In geophysical studies, the dimension of data sets from most oceanic, 
atmospheric numerical models and satellites is extremely large. There exists 
a variety of recent techniques to deal with such an issue in the special 
context of climate studies. For example, Bayesian methods (e.g. Wikle et al., 
2002), data mining, imaging and statistical visualization procedures have 
provided interesting and innovative ways to analyze large climatic data sets. 

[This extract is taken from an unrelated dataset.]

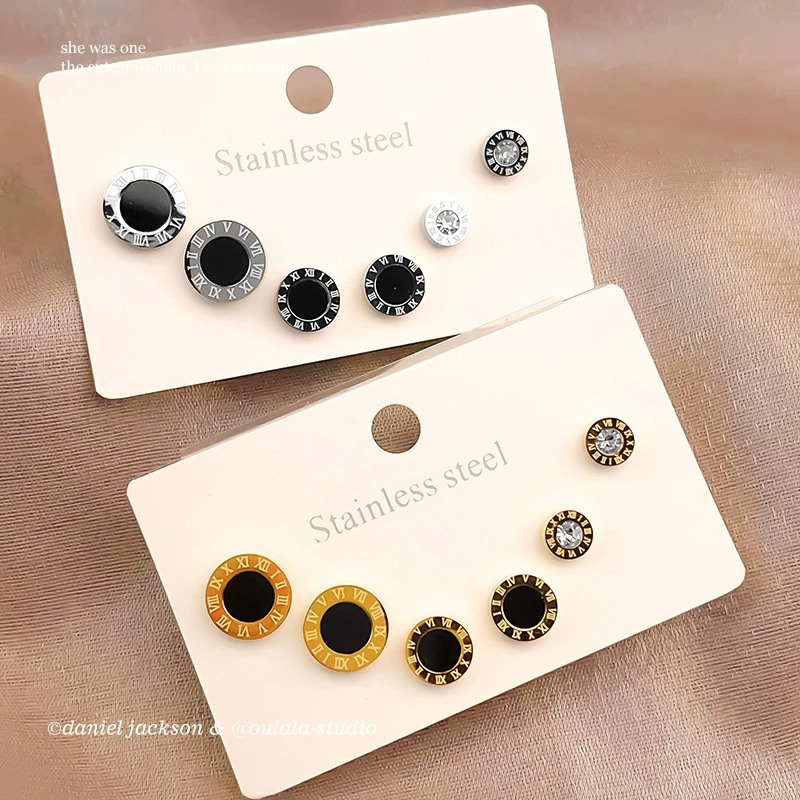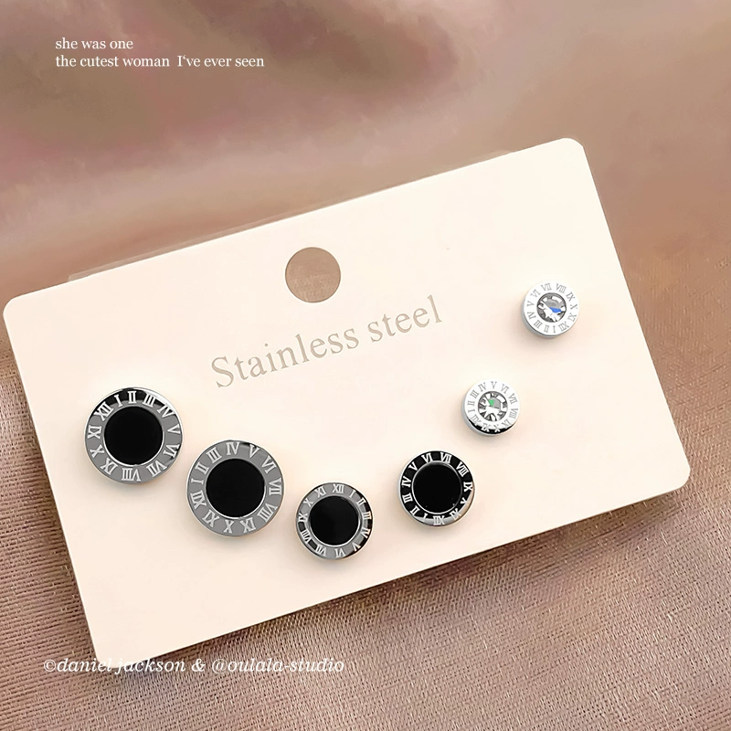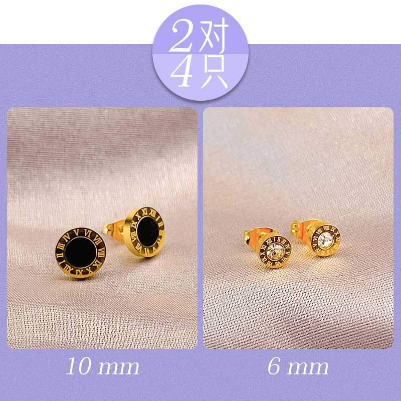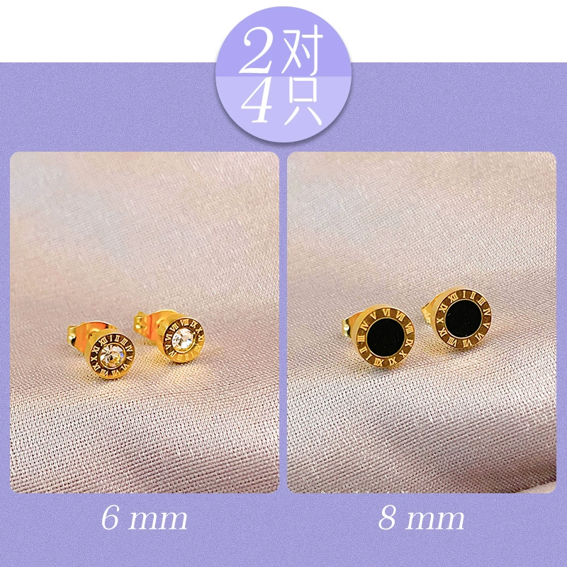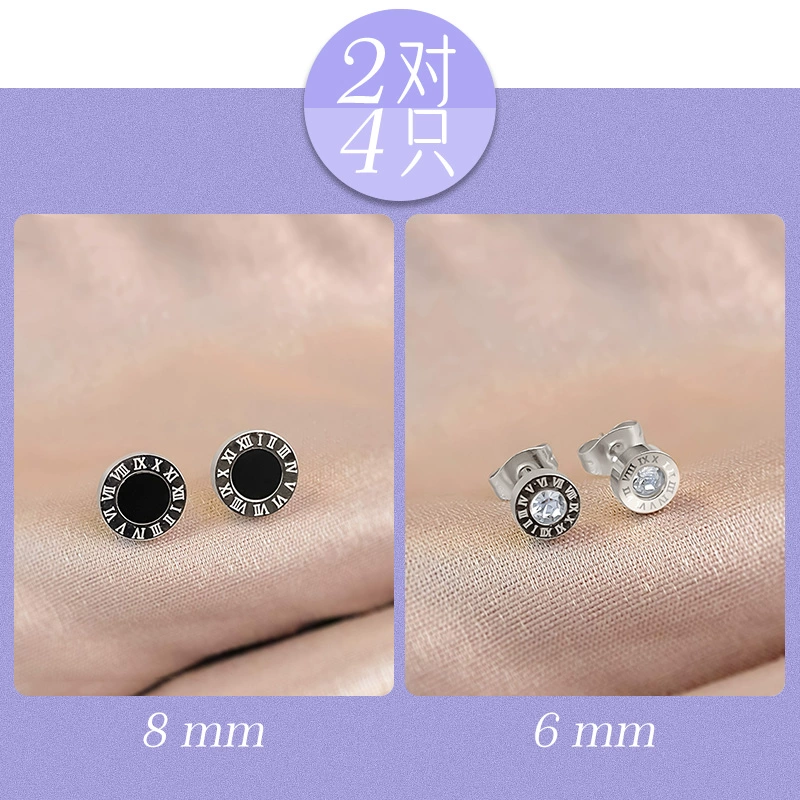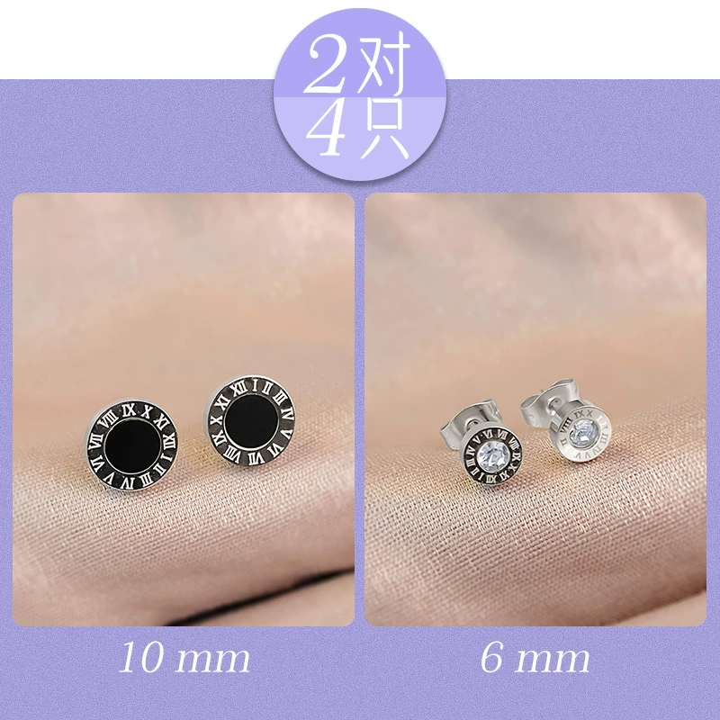 | nameOriginal | Light luxury Roman numeral popular titanium steel girly style earrings |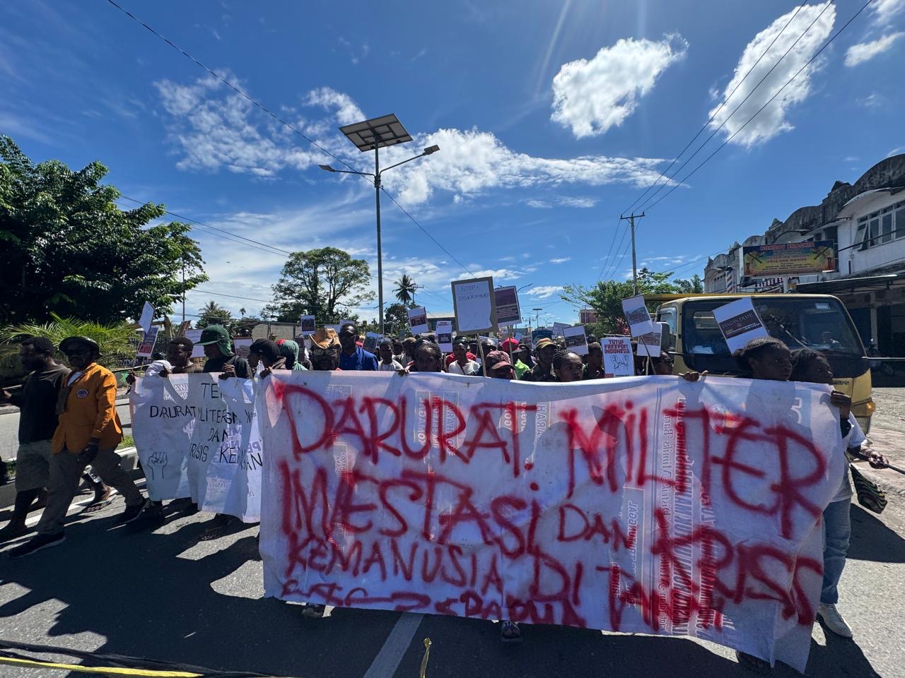 Sejumlah spanduk yang dibawa, FIM-WP-KPK diantaranya bertuliskan ‘ hentikan militerisasi di atas Papua’, ‘tolak Proyek Strategis Nasional (PSN) di Merauke yang menimbulkan ekosida dan genosida yang terstruktur’, ‘tolak eksploitasi blok wabu di Intan Jaya, Migas di Agimuga I dan II, dan seluruh investasi di atas tanah Papua’.

In addition to the computational problem, the distribution of climatic random 
vectors is often supposed to be Gaussian or a mixture of Gaussian 
distributions, although this assumption is not always satisfied for a wide 
range of atmospheric variables. For example, the distribution of daily 
precipitation amounts is by nature skewed. In this paper, we attend to 
address these two problems, large size and skewness, with two different 
approaches. Because the scope of these problems is very large, we will focus 
our attention on two specific statistical methods used in climate studies. In 
Section 2, we will present a simple way to incorporate skewness in Kalman 
filtering techniques without losing the computational advantages associated 
with the normal distribution (Naveau and Genton, 2002). In Section 3, the 
concept of distributions of distributions (Diday et al., 1985; Vrac 2002; Vrac 
et al., 2001) will be used in order to improve classical clustering methods for 
large climatic data sets. This application is closely linked to the algorithm of 
inversion of the equation of radiative transfer (Chedin et al., 1985). 



2. GENERAL SKEWED KALMAN FILTERS 

Before presenting the details of our research on Kalman filters, we want 
to clarify some climatic terms to the statistician who may not be familiar 
with atmospheric sciences. In particular, we would like to recall the meaning 
of numerical models and data assimilation in the context of this work. For 
the former, a numerical computer model solves the governing physical, 
thermodynamics and micro-physical processes at different scales of interest 
and over a specific region (depending on the scientific problem under study). 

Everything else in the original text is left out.